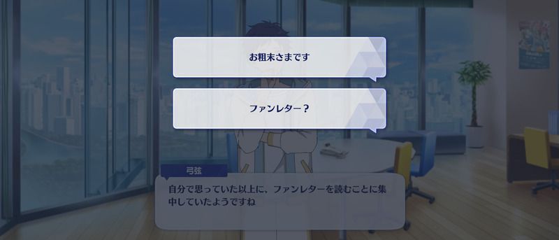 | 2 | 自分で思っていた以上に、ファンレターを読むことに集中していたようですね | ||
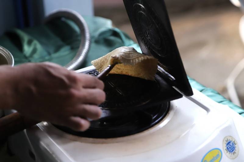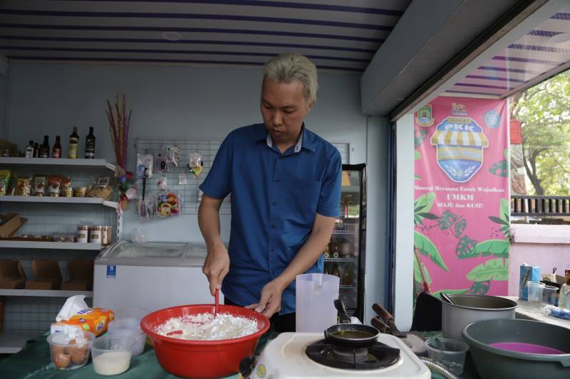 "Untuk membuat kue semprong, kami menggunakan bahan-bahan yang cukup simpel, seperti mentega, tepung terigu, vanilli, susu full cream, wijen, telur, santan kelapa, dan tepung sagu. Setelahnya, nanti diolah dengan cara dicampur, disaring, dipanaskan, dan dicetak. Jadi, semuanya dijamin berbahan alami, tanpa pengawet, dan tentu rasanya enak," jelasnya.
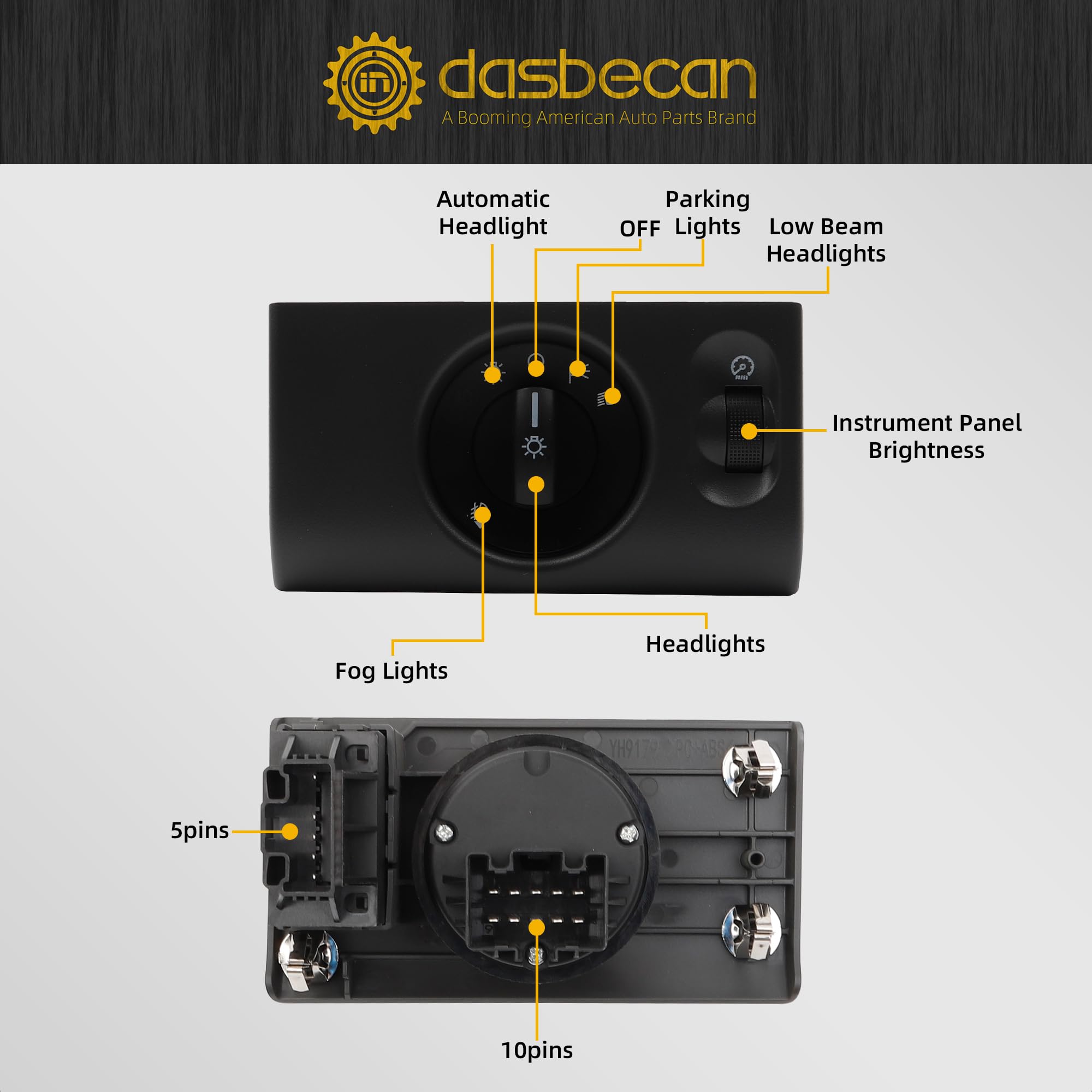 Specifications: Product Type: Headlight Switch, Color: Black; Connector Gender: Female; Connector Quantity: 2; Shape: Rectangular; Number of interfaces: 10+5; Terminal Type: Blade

——————

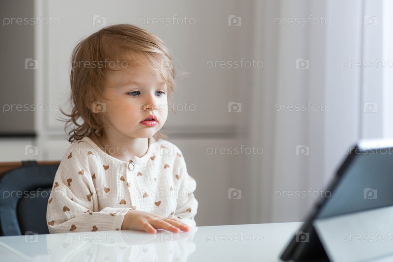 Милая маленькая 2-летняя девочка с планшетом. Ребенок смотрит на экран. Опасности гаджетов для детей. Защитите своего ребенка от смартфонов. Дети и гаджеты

——————

Transcribe, from the material above, the stretch starting at the line with "自分で思っていた以上に、ファンレターを読むことに集中していたようですね | ||" and ending at the line with "Specifications: Product Type: Headlight", both included, exactly. Do not carry over pictures.

 | 2 | 自分で思っていた以上に、ファンレターを読むことに集中していたようですね | ||
 "Untuk membuat kue semprong, kami menggunakan bahan-bahan yang cukup simpel, seperti mentega, tepung terigu, vanilli, susu full cream, wijen, telur, santan kelapa, dan tepung sagu. Setelahnya, nanti diolah dengan cara dicampur, disaring, dipanaskan, dan dicetak. Jadi, semuanya dijamin berbahan alami, tanpa pengawet, dan tentu rasanya enak," jelasnya.
 Specifications: Product Type: Headlight Switch, Color: Black; Connector Gender: Female; Connector Quantity: 2; Shape: Rectangular; Number of interfaces: 10+5; Terminal Type: Blade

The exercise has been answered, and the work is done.